- Opening Delimiter -

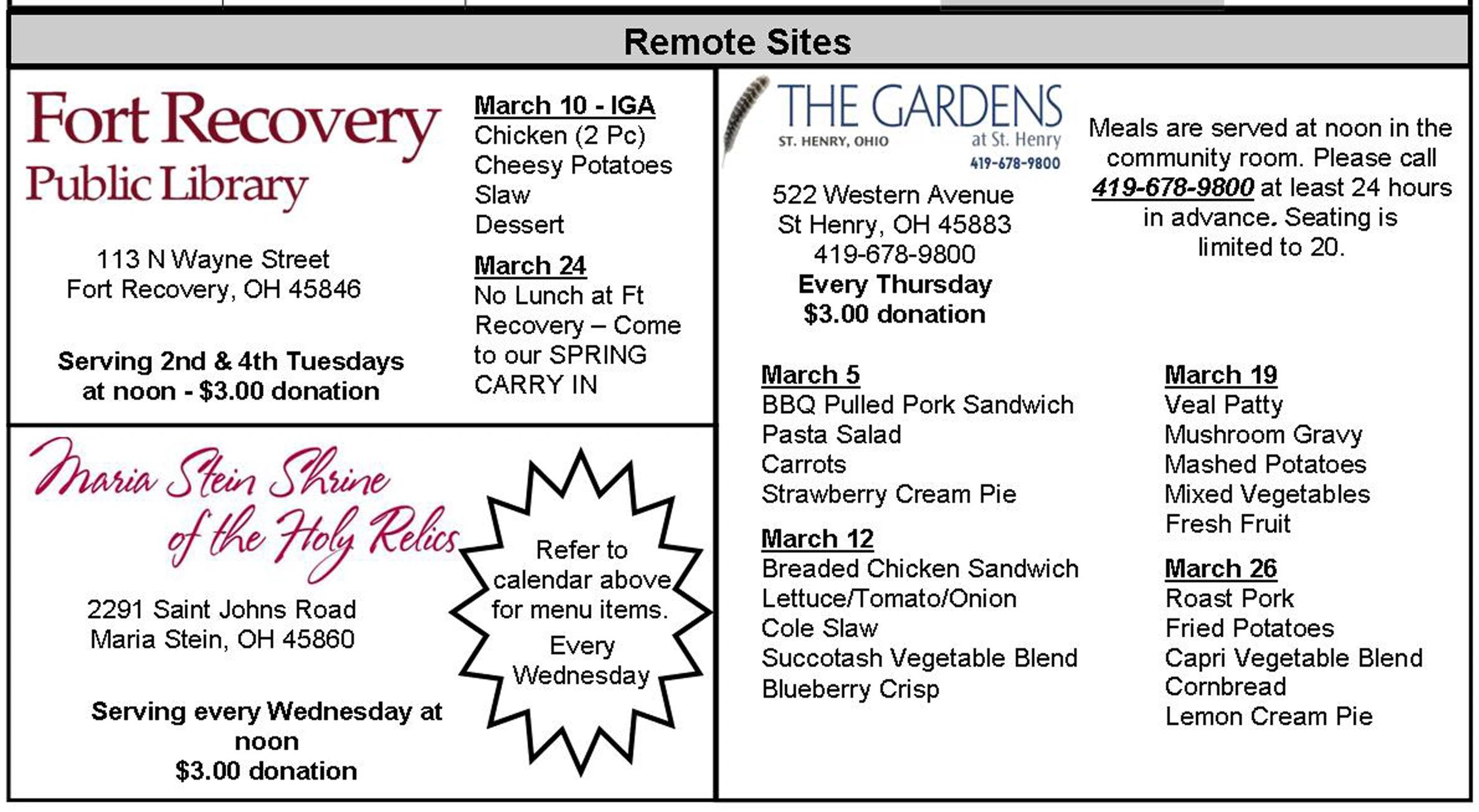 MCCoA, the Ft Recovery Library and IGA work together to provide meals on the second and fourth Tuesday each month. Lunches are served at Noon at the Ft Recovery Library. A donation of $3.00 is collected to cover the cost of the meal. Reservations are required by noon the day before. Call 419-586-1644.
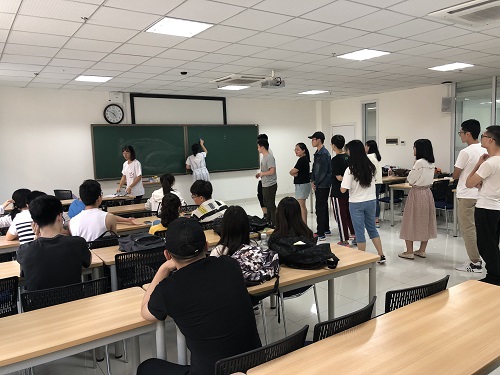 由于游戏内容需要,活动最初是在研究生院A208进行。第一个游戏是“真假难辨”,每组派出四个同学,喝四杯液体,其中一杯是浓盐水,其他三杯为正常饮料,通过表演,不让对方猜出谁喝了盐水。在一片欢声笑语中,同学们又进行了“心有灵犀”游戏。
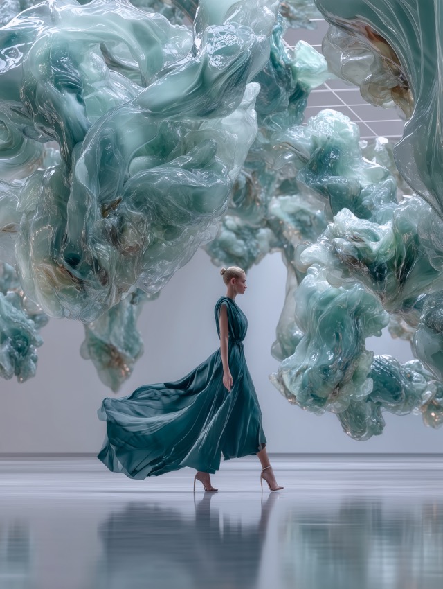 巨大構造の間を歩く青緑の幻想 この作品について ふと目に入った瞬間に、人物の静けさより先に空間の異常な密度へ引き込まれる作品です。魅力の中心にあるのは、青緑が... -
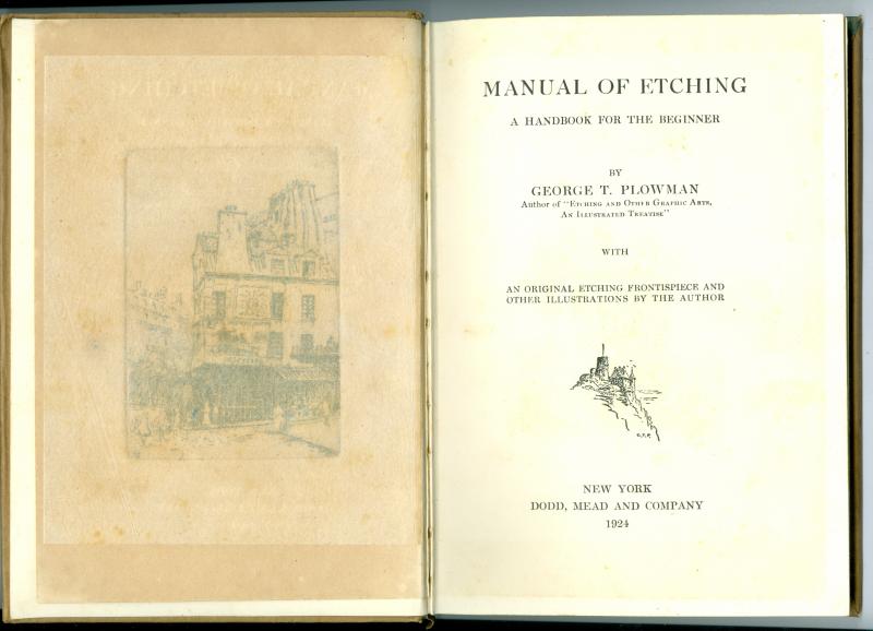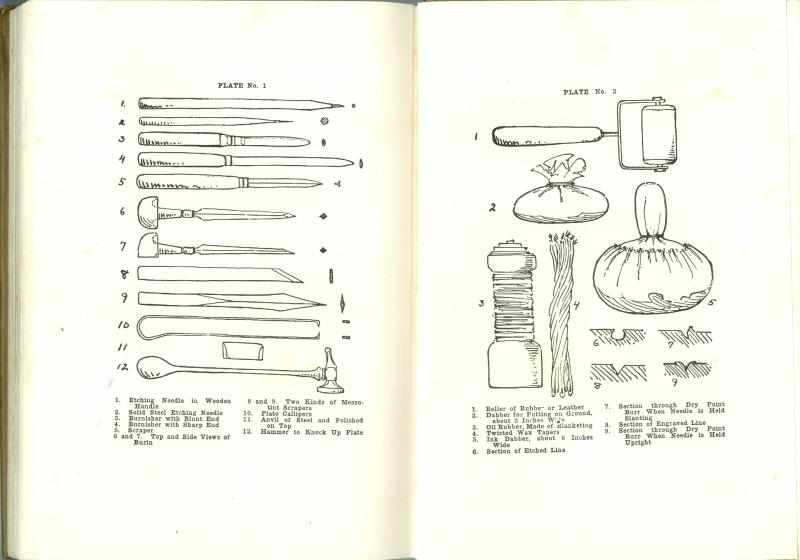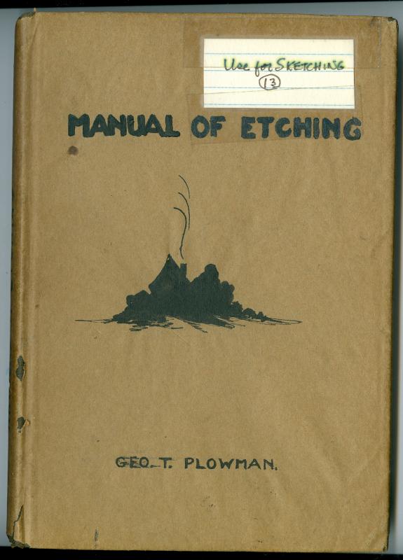 The text is printed on cream colored paper. Approximately 94 pages. 3 photos are shown with the first picture showing the cover of the manual upright stating "Manual of Etching" and "George. T Plowman." The second picture stating, "Manual of Etching; a handbook for the beginner-by George T. Plowman, author of "Etching and other graphic arts, and illustrated treatise with New York, Dodd, Mead and Company." The third photo illustrates a set of different equipment used for etching.

- Closing Delimiter -

Reproduce the data exactly, please, and omit its pictures.

 MCCoA, the Ft Recovery Library and IGA work together to provide meals on the second and fourth Tuesday each month. Lunches are served at Noon at the Ft Recovery Library. A donation of $3.00 is collected to cover the cost of the meal. Reservations are required by noon the day before. Call 419-586-1644.
 由于游戏内容需要,活动最初是在研究生院A208进行。第一个游戏是“真假难辨”,每组派出四个同学,喝四杯液体,其中一杯是浓盐水,其他三杯为正常饮料,通过表演,不让对方猜出谁喝了盐水。在一片欢声笑语中,同学们又进行了“心有灵犀”游戏。
 巨大構造の間を歩く青緑の幻想 この作品について ふと目に入った瞬間に、人物の静けさより先に空間の異常な密度へ引き込まれる作品です。魅力の中心にあるのは、青緑が... -
 The text is printed on cream colored paper. Approximately 94 pages. 3 photos are shown with the first picture showing the cover of the manual upright stating "Manual of Etching" and "George. T Plowman." The second picture stating, "Manual of Etching; a handbook for the beginner-by George T. Plowman, author of "Etching and other graphic arts, and illustrated treatise with New York, Dodd, Mead and Company." The third photo illustrates a set of different equipment used for etching.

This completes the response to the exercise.